Enoteca Osteria Baccicin dü Carü, dal 1890 per una sosta di sapore.
Arrivo a Genova e prendo la direzione che porta al passo del Turchino.
Avrei potuto ascoltare quel pigro del mio amico e sdraiarmi, vista mare in uno dei tanti locali che ti attirano per la bella vista o per la vicinanza del mare che ha sempre una forte attrazione, con quello sciabordio perpetuo che cattura come le gambe lunghe delle donne, sorrette dai tacchi che hanno il potere di slanciare verso il cielo ma, ho le mie convinzioni a proposito di "buon cibo".
La giornata è calda senza afa, di quel calore che fa stare bene. Lambisco il mare con lo sguardo e comincio a salire fra curve, profumo di sottobosco, correnti fresche e umide, alberi che sbandierano rami secolari dalle foglie verdi, tra i quali si infilano particelle di luce frastagliata dalle ombre.
Sembra di andare incontro alla perdizione, abitazioni poche, solo curve e, se guardo in basso, scende la valle irta di vegetazione rigogliosa, la fiducia mi assiste, la speranza viva.
Sono affascinato dai nomi dei paesi o frazioni e qui tra:Biscaccia, Fado Alto, Ceresolo, Fabbrica-Mattia, Gallinea, Gattegasca, Giutte, Gorsezio, Patani e Roverazza c'è da divertire la mente. Vedo, fra i rami, il cartello "Fado" siamo arrivati e appena prima di una curva che gira vesto sinistra si intravede il cartello "Osteria", siamo al numero 115/121.
L'asfalto della strada e le barriere bianco-nere arrugginite sormontano l'ingresso dell'Osteria Baccicin dü Carü, che è tipico dei locali di paese, quelli che stanno scomparendo, tavolini di plastica con tovaglia anti acqua a disegni floreali. Sulla parete esterna, in alto, di fianco alle finestre dell'abitazione ci sono disegnati un bicchiere e una caraffa, quelle da un litro, tipo vaso che quando non ci metti dentro il vino ci si può, momentaneamente, mettere dei fiori colorati, anche grigi, dipende dall'umore.
Dentro, la luce che esce dalle plafoniere inonda di color giallo tutto l'ambiente. Alle pareti, vecchi attrezzi da cucina sono messi all'interno di cornici in legno di varia forma.
Quando Gianni, che non conoscevo, mi porta la lista delle pietanza, mi si illuminano gli occhi e per la mente è un boccata di ossigeno:
Galantina di vitello "l'antico prosciutto cotto genovese il Brandacujun".
cavolo cappuccio con bagna cauda e acciughe di Sciacca.
Taglierini di borragine con pesto.
ravioli con "u-tuccu".
trippa accomodata.
poi andate a vedere la fotografia che sonò mi viene la barba.

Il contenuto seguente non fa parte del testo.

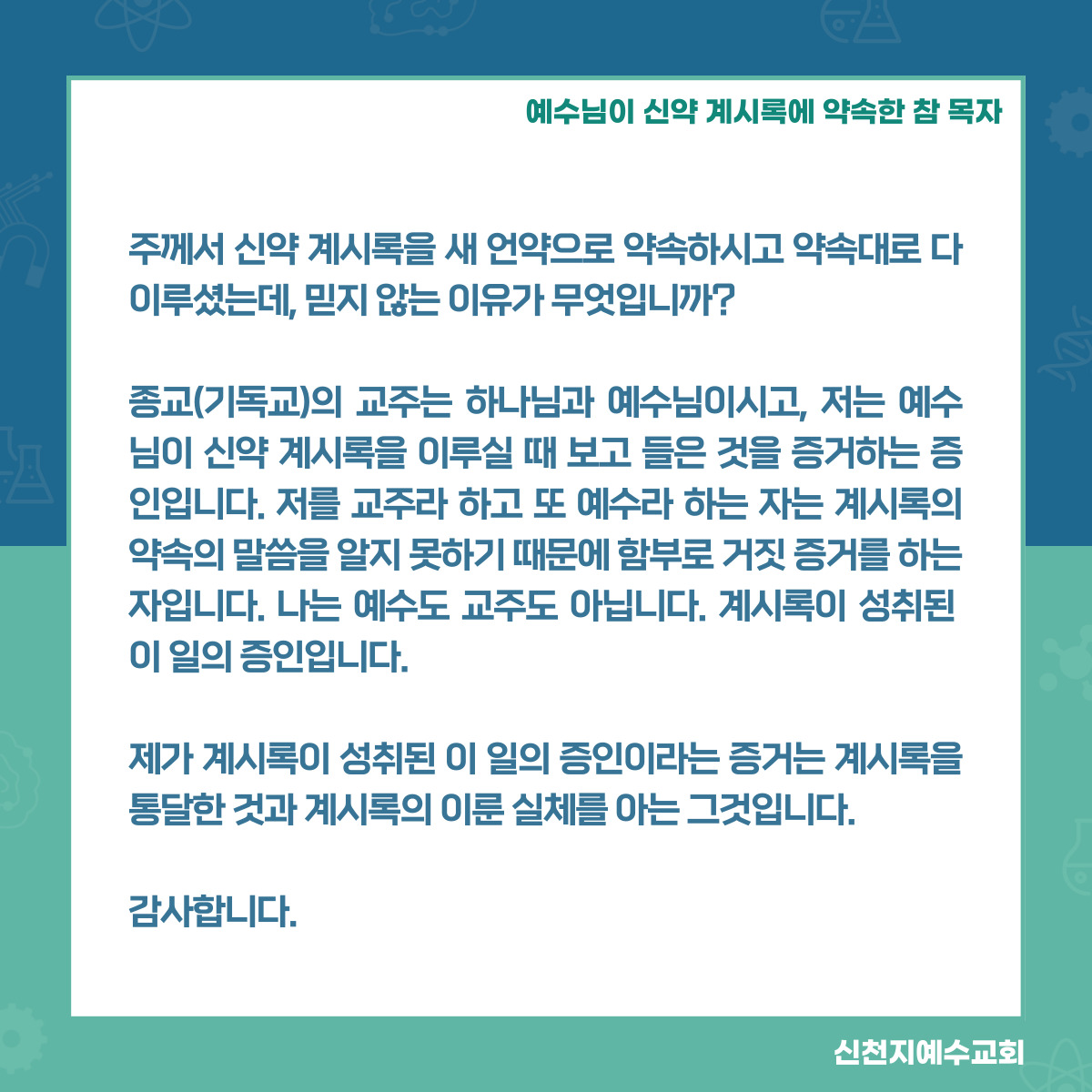 안녕하세요! 신천지 예수교회입니다. 한 번만 들어보셔도 최고라고 여기실 만큼 최고의 진리를 배울 수 있는 기회입니다. 세계 최고의 성경교육 강사진을 통해 성경의 기초 상식부터 요한계시

Succede che i sapori e il gusto siano anticipati dalla vista che capta -inconsciamente- il cibo quando è preparato a regola d'arte. Assaggio l'antipasto, i taglierini, acciughe, torta sabbiosa, panna cotta con lo zabaione. Mentre scrivo le ghiandole salivari si mettono all'opera. La delicatezza nei sapori, profumi che invogliano, il pesto "rustico" con aglio, basilico e olio passati nel mortaio per preservarne le caratteristiche organolettiche e un ingrediente ormai raro che è l'amore per il proprio lavoro. Senza questo ingrediente la cucina perde valore e si incammina verso l'oblio per lasciare il posto al cibo che ha il sapore della televisione. Anche la lista dei vini è ben congeniata.
A casa porto il sorriso di Gianni e Rosella che sprigionano energia benefica, che è poi quella che usano come ingrediente segreto della loro cucina.
Ci ritornerò presto e mi farò riservare un tavolo all'interno dell'enoteca. Voglio mangiare circondato da bottiglie di vino.